And down they went, and arrived late on the day after this conversation at an old-fashioned manor-house, where Miss Dorothy Hunter had passed some sixty-odd years of her life. Though to Tom she seemed to bear a great resemblance to old Miss Barrington, there was really little likeness between them, beyond an inordinate pride of birth, and an intense estimation for the claims of family. Miss Hunter’s essential characteristic was a passion for celebrities; a taste somewhat difficult to cultivate in a very remote and little visited locality. The result was that she consoled herself by portraits, or private letters, or autographs of her heroes, who ranged over every imaginable career in life, and of whom, by mere dint of iteration, she had grown to believe herself the intimate friend or correspondent.

No sooner had she learned that her nephew was to be accompanied by the gallant young soldier whose name was in every newspaper than she made what she deemed the most suitable preparations for his reception. Her bedroom was hung round with portraits of naval heroes, or pictures of sea-fights. Grim old admirals, telescope in hand, or with streaming hair, shouting out orders to board the enemy, were on every side; while, in the place of honor, over the fireplace, hung a vacant frame, destined one day to contain the hero of the hour, Tom Dill himself.
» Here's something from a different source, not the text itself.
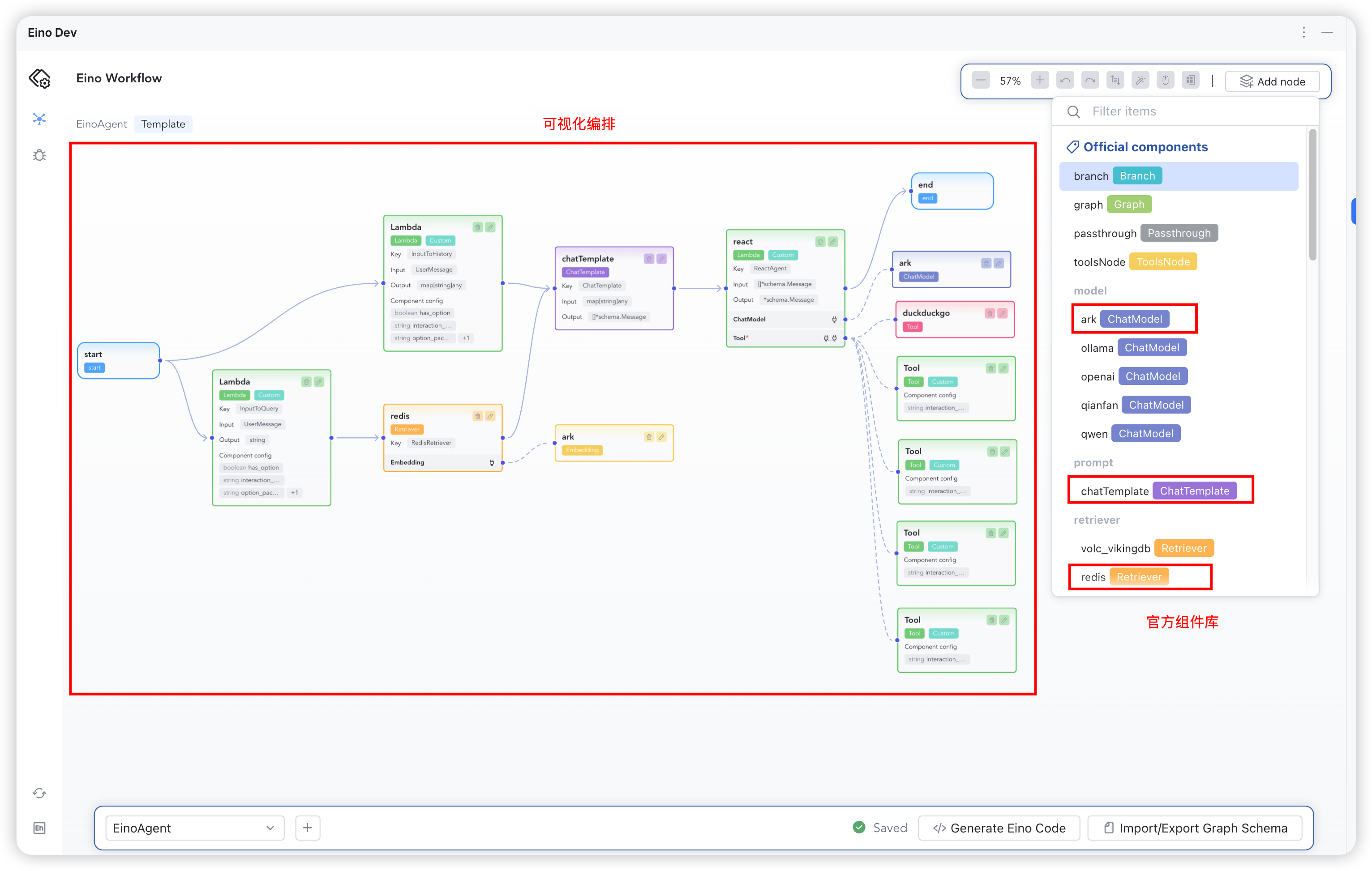 1. Open the EinoDev plugin, navigate to the Eino Workflow page, and create a new canvas. - Graph Name: EinoAgent - Node Trigger Mode: Trigger after any predecessor node finishes - Input Type Name: *UserMessage - Input Package Path: "" - Output Type Name: *schema.Message - Output Import Path: github.com/cloudwego/eino/schema - Leave other fields blank 2. According to the process description in the previous section "**Eino Agent**", select the component library needed from Eino Workflow. The following components are used in this document: - lambda: Converts any developer function func(ctx context.Context, input I) (output O, err error), into an orchestrable node. In EinoAgent, there are two conversion scenarios: - Converts *UserMessage messages into a map[string]any node for ChatTemplate - Converts *UserMessage into the input query for RedisRetriever - retriever/redis - Retrieves and returns context related to the user Query based on semantic relevance from the Redis Vector Database, in the form of schema.Document List. - prompt/chatTemplate - Constructs a Prompt template using string literals, supporting text and message placeholders, and converts any map[string]any input into a Message List that can be directly input into the model. - flow/agent/react - Based on the ChatModel provided by the developer and callable toolsets, automatically decides the next Action in response to user queries until a final answer can be generated. - model/ark - The Ark platform provides LLMs capable of completing conversational texts, such as the Doubao model. This acts as a dependency injection for the ReAct Agent. - Callable tool list - Internet search tool (DuckDuckGo), EinoTool, GitClone, TaskManager, OpenURL 3. Arrange the selected components according to the desired topology. After arranging, click "Generate Code" to the specified directory. - In this example, the code for the "**Eino Agent**" is generated to: eino/einoagent - This example can quickly be constructed by copying the Graph Schema from eino/eino_agent.json

Never was a poor fellow in this world less suited to adulation of this sort. He was either overwhelmed with the flattery, or oppressed by a terror of what some sensible spectator – if such there were – would think of the absurd position in which he was forced to stand. And when he found himself obliged to inscribe his name in a long column of illustrious autographs, the sight of his own scarce legible characters filled up the measure of his shame.

“He writes like the great Turenne,” said Miss Dorothy; “he always wrote from above downwards, so that no other name than his own could figure on the page.”
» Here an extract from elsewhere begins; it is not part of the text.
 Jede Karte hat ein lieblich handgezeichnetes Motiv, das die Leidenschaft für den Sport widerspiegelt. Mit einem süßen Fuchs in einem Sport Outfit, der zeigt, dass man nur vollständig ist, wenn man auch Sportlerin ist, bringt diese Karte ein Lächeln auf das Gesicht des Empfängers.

“I got many a thrashing for it at school, ma’am,” said Tom, apologizing, “and so I gave up writing altogether.”

“Ah, yes! the men of action soon learn to despise the pen; they prefer to make history rather than record it.”

It was not easy for Hunter to steer his bashful friend through all the shoals and quicksands of such flattery; but, on the plea of his broken health and strength, he hurried him early to his bed, and returned to the fireside, where his aunt awaited him.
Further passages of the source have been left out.